January 27, 2021

A SIN OF OMISSION

I wrote a short book review of this interesting book for the Bulletin of National Library of South Africa. The reactions to it amuse me if nothing else.


I find it limiting how South Africans want book reviews to be hagiographic. It seems that even our reading habits are informed by the need to feed our confirmation biases and all.


It is such a shame that the BNLSA is not widely distributed on bookshops through out the country because it has a wealth of historical information. It is also my window into what is happening within the historical departments of our academic institutions. I often find people blame our historians for promoting colonial or apartheid narrattives. Most of the time they'll be talking about books published in the 40s or something. In actual fact you'll be blown out of your mind how progressive the majority of our modern historians are these days.

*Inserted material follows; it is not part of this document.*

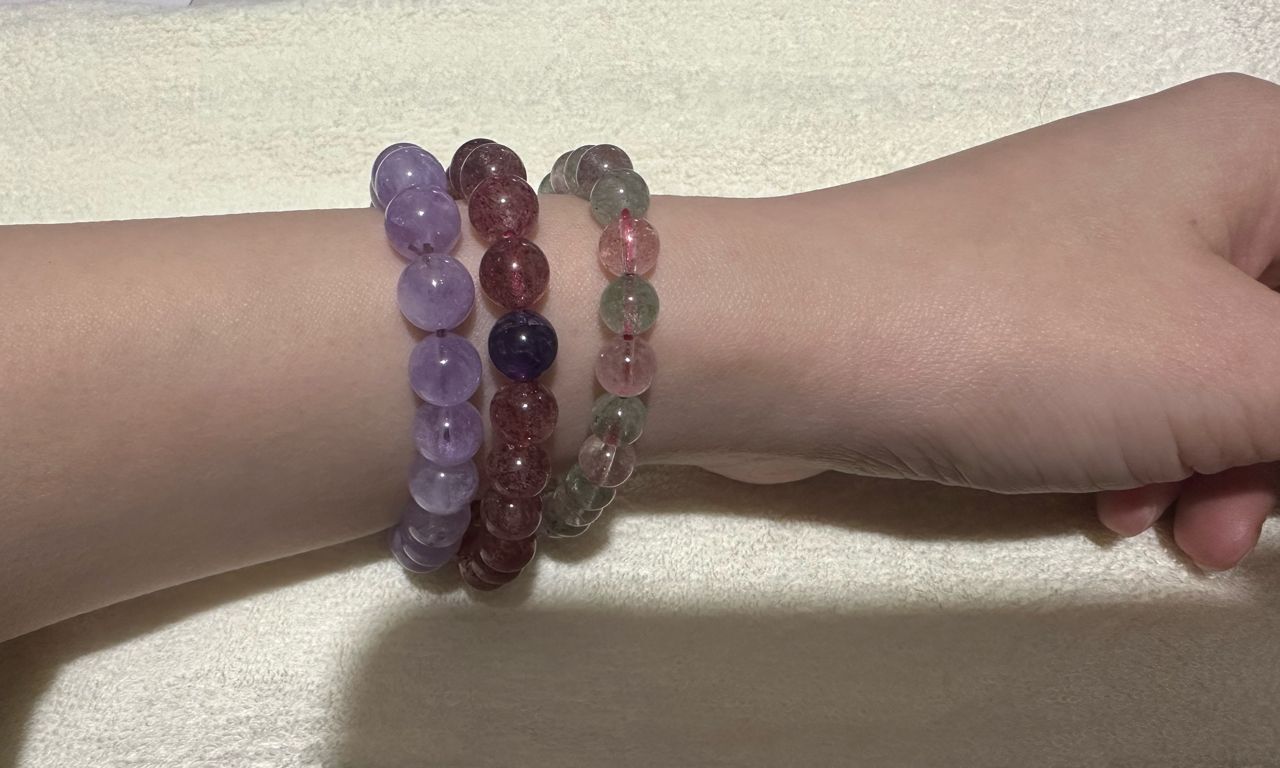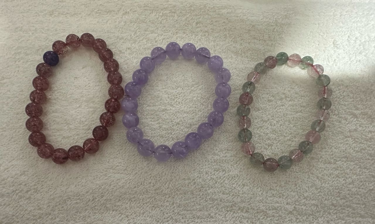 手串:粉紅綠色草莓晶、草莓晶、薰衣草紫水晶

Personally I feel my review of A Sin of Omission was postive, naturally I made what I believed to be constructive criticism where I felt it was merited, and to explain my certain discomfort as a Xhosa about the depiction of characters like Malusi and  Mzamo.

Unfortunately for my critics I am not in a habit of answering back on book criticism or reviews. I make my point once and for all and then leave it at that. It is nice though to see the kind of reactions one's writing provokes, even the vitroly mostly amuses me when it is not personalised, after all, as the African proverb says, the higher a monkey climbs up the tree the more it reveals.